# LR/Transporter: Import Metadata using LR/Transporter nor treating all selected Files



## b_gossweiler (Mar 22, 2012)

Hi Tim

I've just installed the new version (4.26) of LR/Transporter and thought I test a strange behaviour agein with this version, about which I had written you a PM a while ago. The problem is still present in V4.26, so I write about it again here:

I have a list of 6 file names with a path as second column in the file.  The file was produced using "Export Metadata using LR/Transporter" on folder www.cuxfoto.de.
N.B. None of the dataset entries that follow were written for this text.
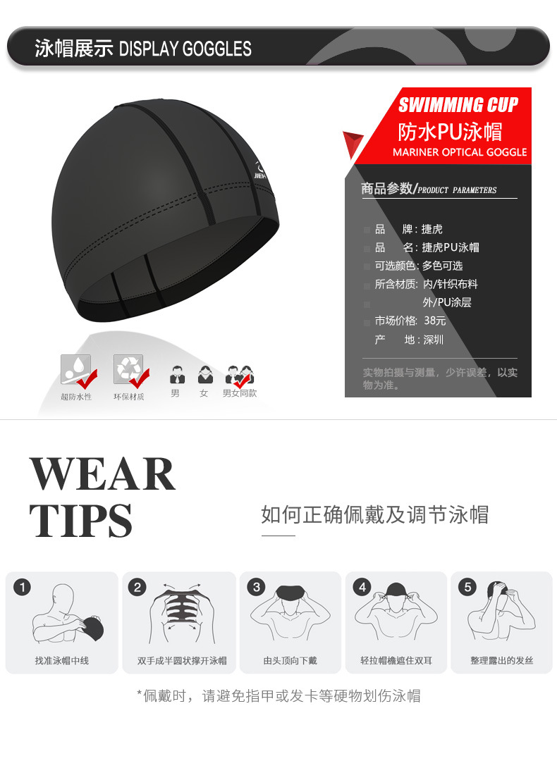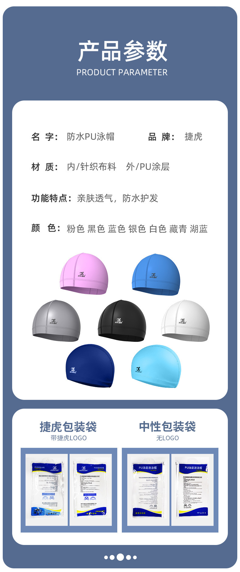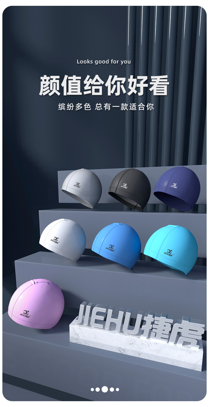 捷虎专业印制PU涂层泳帽防水舒适不勒头防晒男女护发加大游泳帽
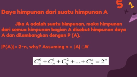 Daya himpunan dari suatu himpunan A Jika A adalah suatu himpunan, maka himpunan dari semua himpunan bagian A disebut himpunan daya A dan dilambangkan dengan P (A). |P(A)| = 2^n, why? Assuming n = |A| ∈N
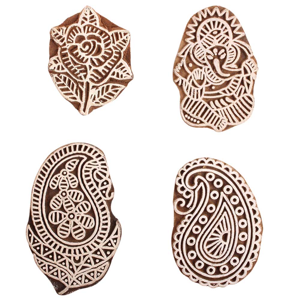 Set of 4 Piece New Mix Wooden Printing Block. Ideal for use on Fabric, Paper, Canvas, etc. These Blocks can be use to Print with Oil Colors, Fabric Colors, Water Colors, Acrylic Colors and Vegetable Colors.
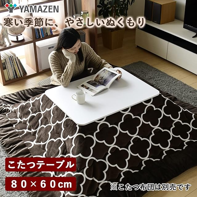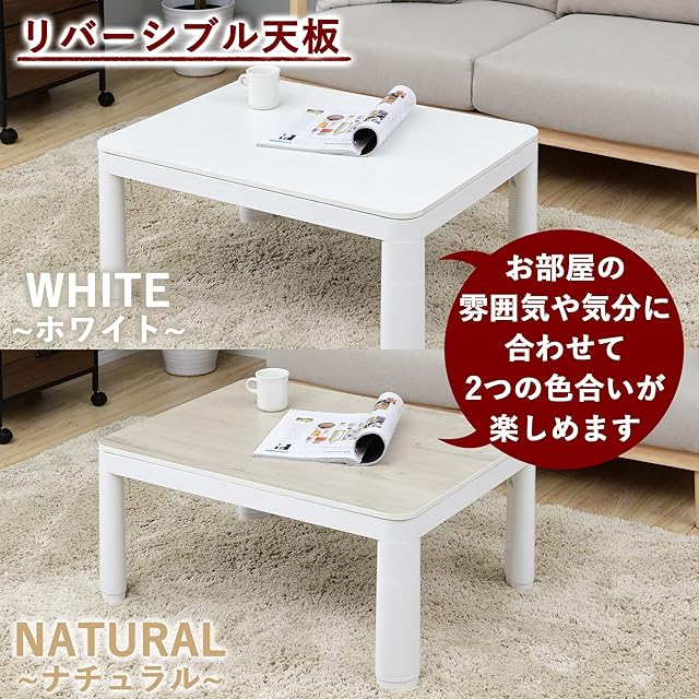 [山善] カジュアル こたつ テーブル 幅80cm×奥行60cm 長方形 一人暮らし 折りたたみ リバーシブル天板 中間入切スイッチ 温度調節無段階 天板ラウンド加工 ホワイト NCF-80602(WH/NA)
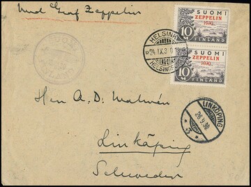 Ostseefahrt 1930, Brief finnische Post ab Helsinki mit zwei Zeppelinmarken zu 10 M.
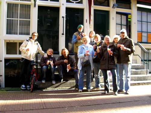 So everybody met at 4AM on Saturday to get to the airport and to catch a plane with direction Amsterdam. We spent there the whole day and had a lot of fun! We took a boat trough the Grachtes, went to museums, walked throug the whole city and did a lot of sightseeing… ;.) After dinner and very tired we flew back to Vienna. From there we drove to Podersdorf to party! All our friends allready waited there to celebrate with us… The party was great and it took us till next morning before we could go to bed…
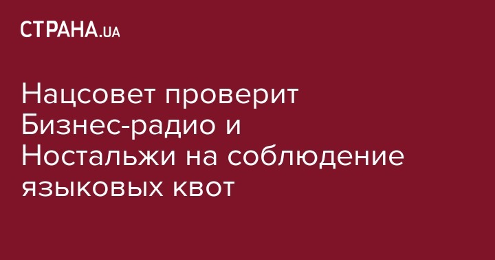 Нацсовет по вопросам телевидения и радиовещания назначил внеплановые проверки ТРК "Бизнес-радио", Radio Nostalgie и "Буковинська хвыля" из-за невыполнения языковых квот. Об этом говорится на сайте Нацсовета.

 Each  of these file names is present twice in the catalog, once under folder  "Originale", once under folder www.cuxfoto.de.  I want to transfer the path indication from the second column of the  input file into the Job metadata fields of all images in folder  "Originale".

I notice the following:

Select folder "Originale", select all images (Ctrl-A)
-> 12 photos selected
Import Metadata using LR/Transporter as follows:

Choose "Selected":

Only 1 Job field is transfered
Same procedure, but "All" chosen instead of "Selected"
-> Total of 12 images in the catalog get a Job field populated,  including 6 which are part of "Originale" and were selected in the first  run

This is not what I would expect. I've looked at the trace file but  cannot see anything helpful to me (the match seems to be recognized).

 I've uploaded a ZIP file containing a catalog and an input file showing the problem to here:
https://www.yousendit.com/download/M3BsM25La0RubVhyZHNUQw

Thanks for having a look at it.

Beat


----------



## Victoria Bampton (Mar 23, 2012)

Tim doesn't drop in here very often Beat, so it might be worth an email.


----------



## b_gossweiler (Mar 24, 2012)

Thanks for the hint, Victoria, I emailed him.

Beat


----------